--- EXTRACTED ENTRIES ---

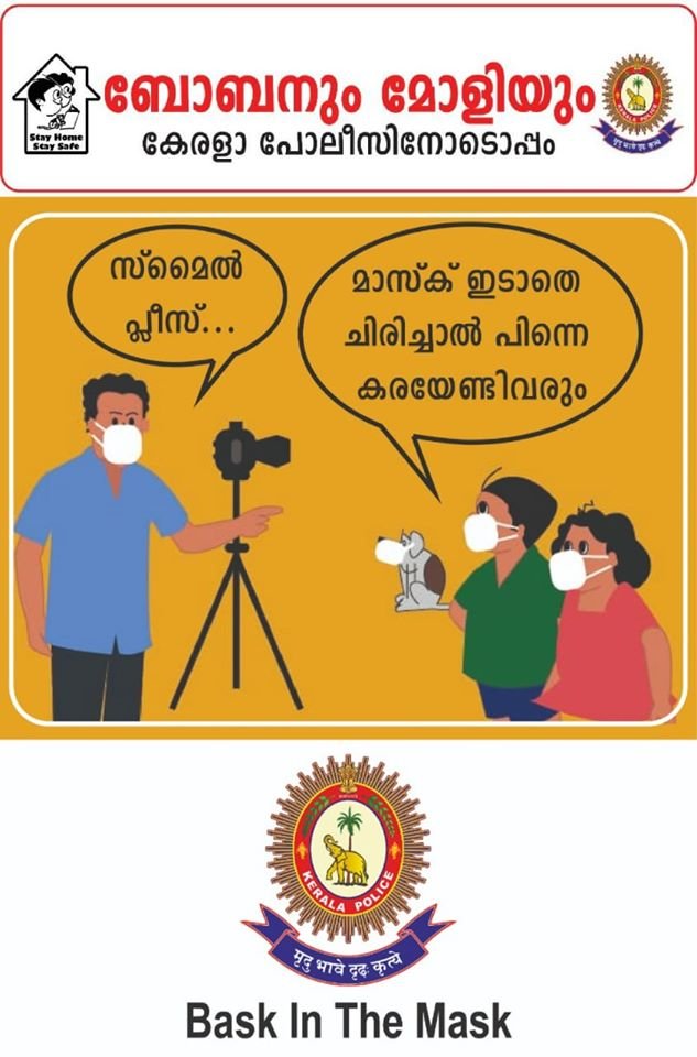കോവിഡ് പ്രതിരോധ പ്രവർത്തനങ്ങളുടെ ഭാഗമായി ജനങ്ങളെ സ്ഥിരമായി മാസ്ക് ധരിച്ചു നടക്കുവാൻ പ്രോത്സാഹിപ്പിക്കാനായി ഒരു ഓൺലൈൻ ചലൻജ്ജു് അവതരിപ്പിച്ചിരിക്കുകയാണ് കേരള പോലീസ്. പോലീസിന്റെ ഫേസ്ബുക് പേജിൽ #baskinTheMask എന്ന പേരിലുള്ള ഹാഷ് ടാഗിൽ ഓൺലൈൻ ക്യാമ്പയിന് ഇതിനകം സോഷ്യൽ മീഡിയയിൽ നല്ല പ്രതികരണമാണ് ലഭിച്ചുകൊണ്ടിരിക്കുന്നത്. കുടുംബാംഗങ്ങൾ മാസ്ക് ധരിച്ചു നിൽക്കുന്ന ഫാമിലി ഫോട്ടോയാണ് പേജിൽ പ്രസിദ്ധികരിക്കേണ്ടത്. പുതിയ ട്രെൻഡിലും, ഫാഷനിലുമുള്ള മാസ്കുകൾ ഉപയോഗിക്കാവുന്നതാണ്. മികച്ച ഫാമിലി മാസ്കിന് 5000 രൂപയും ആകർഷകമായ മാസ്കിന് 3000 രൂപയും സമ്മാനമായി ലഭിക്കും. ഇത്തരത്തിൽ എടുക്കുന്ന ഫോട്ടോകൾ kpsmc.pol @kerala.gov.in എന്ന ഇമെയിൽ വിലാസത്തിലോ 9497900440 എന്ന വാട്സാപ്പ് നമ്പറിലേക്കോ അയക്കാവുന്നതാണ്.
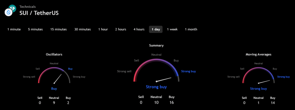 The technical analysis indicators, such as Relative Volume (RVOL), Moving Average (MA), and Relative Strength Index (RSI) of Sui (SUI) are shown in the chart below.
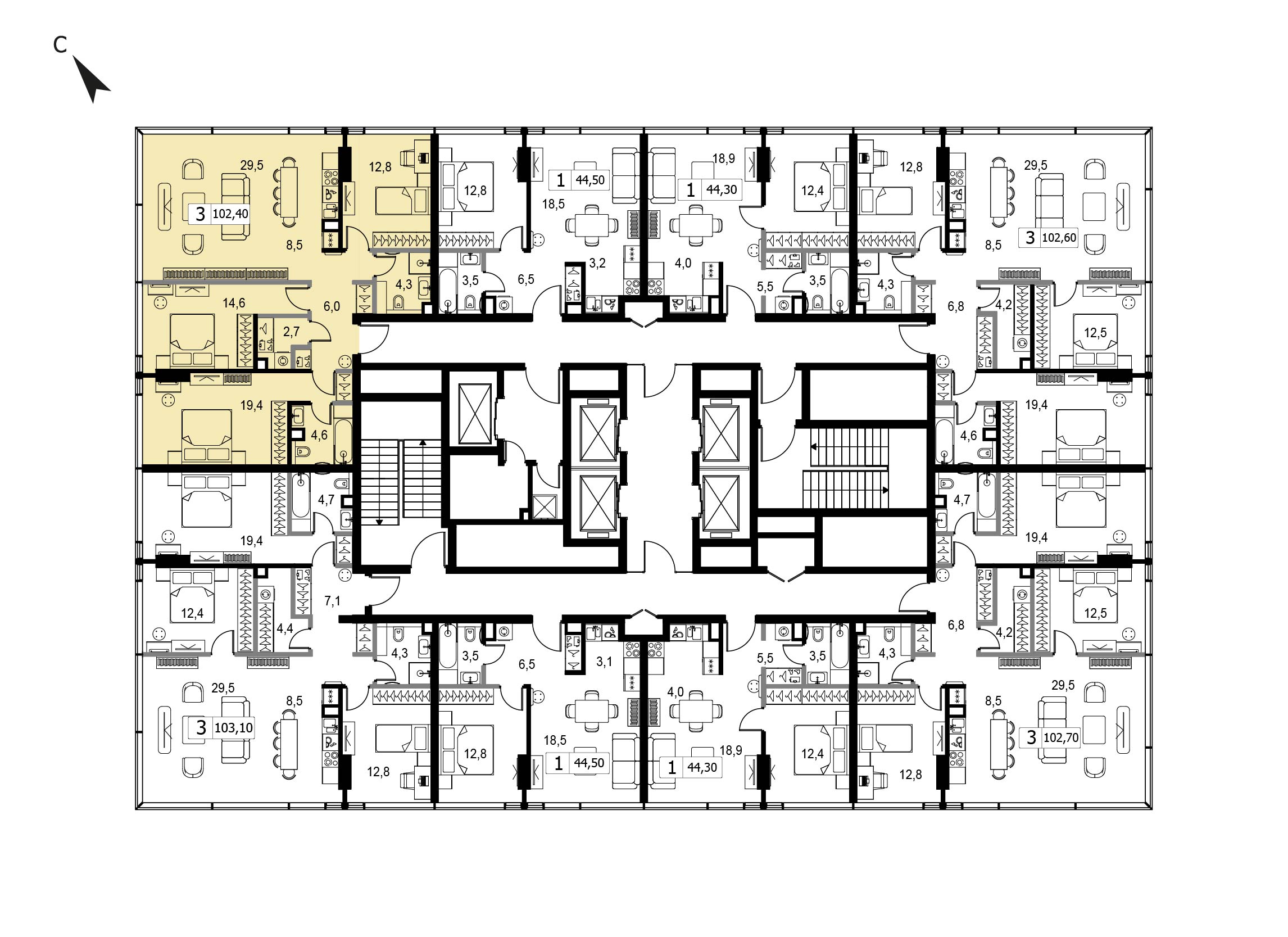 Комфортная трехкомнатная квартира квартира площадью 102.7 м² без отделки. Лот расположен на 29 этаже, корпуса E МФК «СЛАВА» (SLAVA).Комплекс находится по адресу: г. Москва, Ленинградский пр., вл. 8, срок сдачи 2027г.. Это соединение удобной инфраструктуры городской застройки и зеленых зон отдыха.
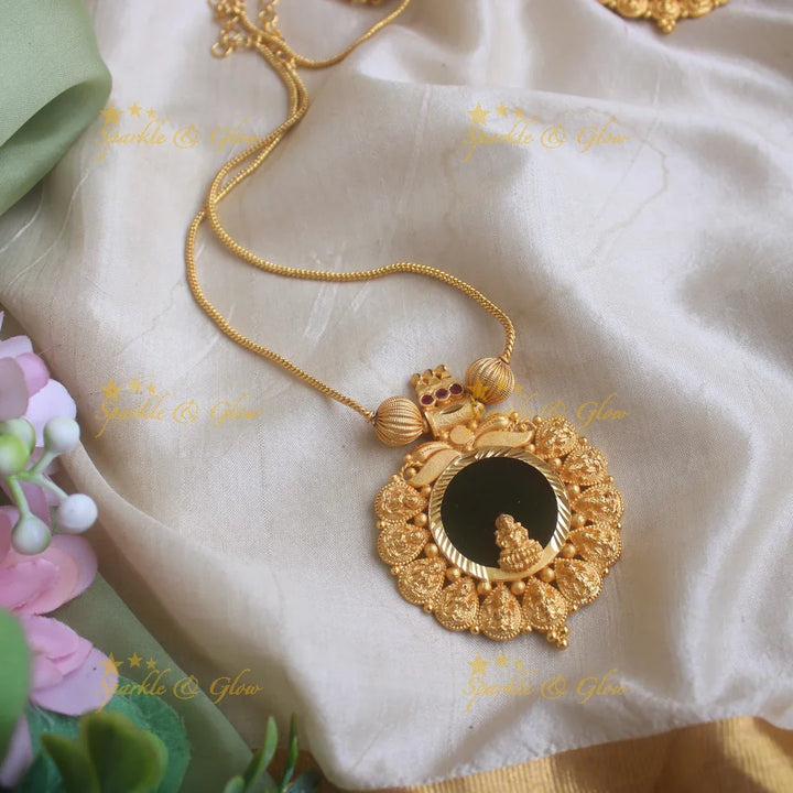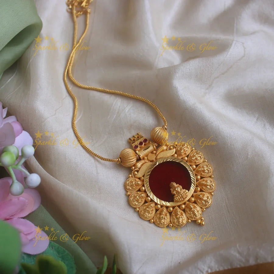 Experience the opulence of tradition with our Kerala Style Lakshmi Coin Pendant Necklace - Red. This exquisite piece captures the essence of South Indian heritage, featuring the revered Goddess Lakshmi motif surrounded by intricate coin designs. The radiant red center adds a touch of festivity, perfectly complementing the lustrous gold finish. Ideal for weddings and festive occasions, this necklace is a testament to timeless elegance and divine beauty.
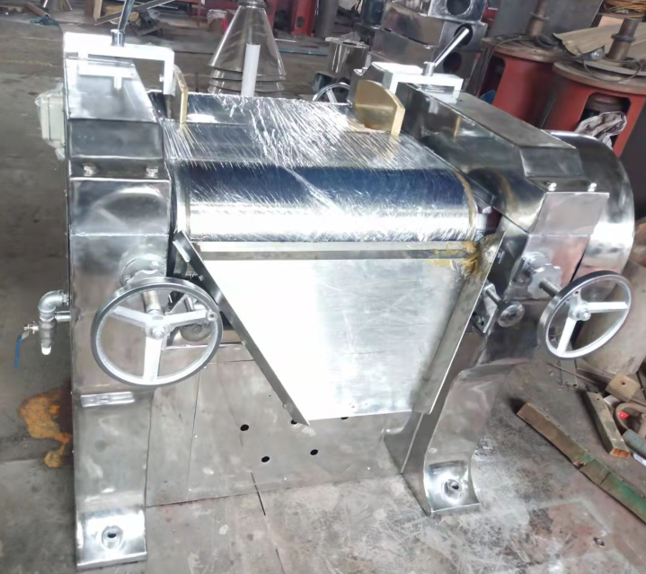 三輥研磨機是一種比較常見的針對高粘度物料的研磨設(shè)備。三輥研磨機有三根輥子,其中中間一根是固定的,兩邊的輥子可以通過手柄調(diào)節(jié)間隙,間隙越小,研磨的物料越細(xì)。工作時,電機(個別情況下還需要配減速機)通過齒輪帶動三根輥子旋轉(zhuǎn)。需要注意的是,通過齒輪的齒數(shù),三根輥子的轉(zhuǎn)速是不一樣的。物料先經(jīng)過慢輥和中間棍擠壓,再經(jīng)過中間輥和快輥擠壓。由于輥子的轉(zhuǎn)速不同且間隙非常小,物料被強力擠壓剪切,從而達(dá)到細(xì)化的目的。由于物料被剪切撕裂的時候會產(chǎn)生熱量,導(dǎo)致輥子溫度升高。輥子的材質(zhì)是冷硬合金的,在高溫的狀態(tài)下容易氧化,所以工作的時候要注意給輥子降溫。輥子的中間有一個圓孔貫穿整個輥子,降溫的時候冷卻水直接從這個圓孔中流過,帶走熱量,保證輥子不會被氧化。
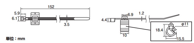 ※入数:2二系統のケーブルの結束と固定に。 タイ部でケーブルを固定し、クリップ部は取り付けたケーブル(最大5mm径)を自由に動かすことが可能。使用温度範囲:-40~110度耐熱・耐候タイプ152×3.5mm

---

> [PROBLEM DESCRIPTION] Here the lines from the one containing "Комфортная трехкомнатная квартира" through the end of the material are to be copied exactly, with the pictures omitted.

> [EXPECTED OUTPUT]
 Комфортная трехкомнатная квартира квартира площадью 102.7 м² без отделки. Лот расположен на 29 этаже, корпуса E МФК «СЛАВА» (SLAVA).Комплекс находится по адресу: г. Москва, Ленинградский пр., вл. 8, срок сдачи 2027г.. Это соединение удобной инфраструктуры городской застройки и зеленых зон отдыха.
 Experience the opulence of tradition with our Kerala Style Lakshmi Coin Pendant Necklace - Red. This exquisite piece captures the essence of South Indian heritage, featuring the revered Goddess Lakshmi motif surrounded by intricate coin designs. The radiant red center adds a touch of festivity, perfectly complementing the lustrous gold finish. Ideal for weddings and festive occasions, this necklace is a testament to timeless elegance and divine beauty.
 三輥研磨機是一種比較常見的針對高粘度物料的研磨設(shè)備。三輥研磨機有三根輥子,其中中間一根是固定的,兩邊的輥子可以通過手柄調(diào)節(jié)間隙,間隙越小,研磨的物料越細(xì)。工作時,電機(個別情況下還需要配減速機)通過齒輪帶動三根輥子旋轉(zhuǎn)。需要注意的是,通過齒輪的齒數(shù),三根輥子的轉(zhuǎn)速是不一樣的。物料先經(jīng)過慢輥和中間棍擠壓,再經(jīng)過中間輥和快輥擠壓。由于輥子的轉(zhuǎn)速不同且間隙非常小,物料被強力擠壓剪切,從而達(dá)到細(xì)化的目的。由于物料被剪切撕裂的時候會產(chǎn)生熱量,導(dǎo)致輥子溫度升高。輥子的材質(zhì)是冷硬合金的,在高溫的狀態(tài)下容易氧化,所以工作的時候要注意給輥子降溫。輥子的中間有一個圓孔貫穿整個輥子,降溫的時候冷卻水直接從這個圓孔中流過,帶走熱量,保證輥子不會被氧化。
 ※入数:2二系統のケーブルの結束と固定に。 タイ部でケーブルを固定し、クリップ部は取り付けたケーブル(最大5mm径)を自由に動かすことが可能。使用温度範囲:-40~110度耐熱・耐候タイプ152×3.5mm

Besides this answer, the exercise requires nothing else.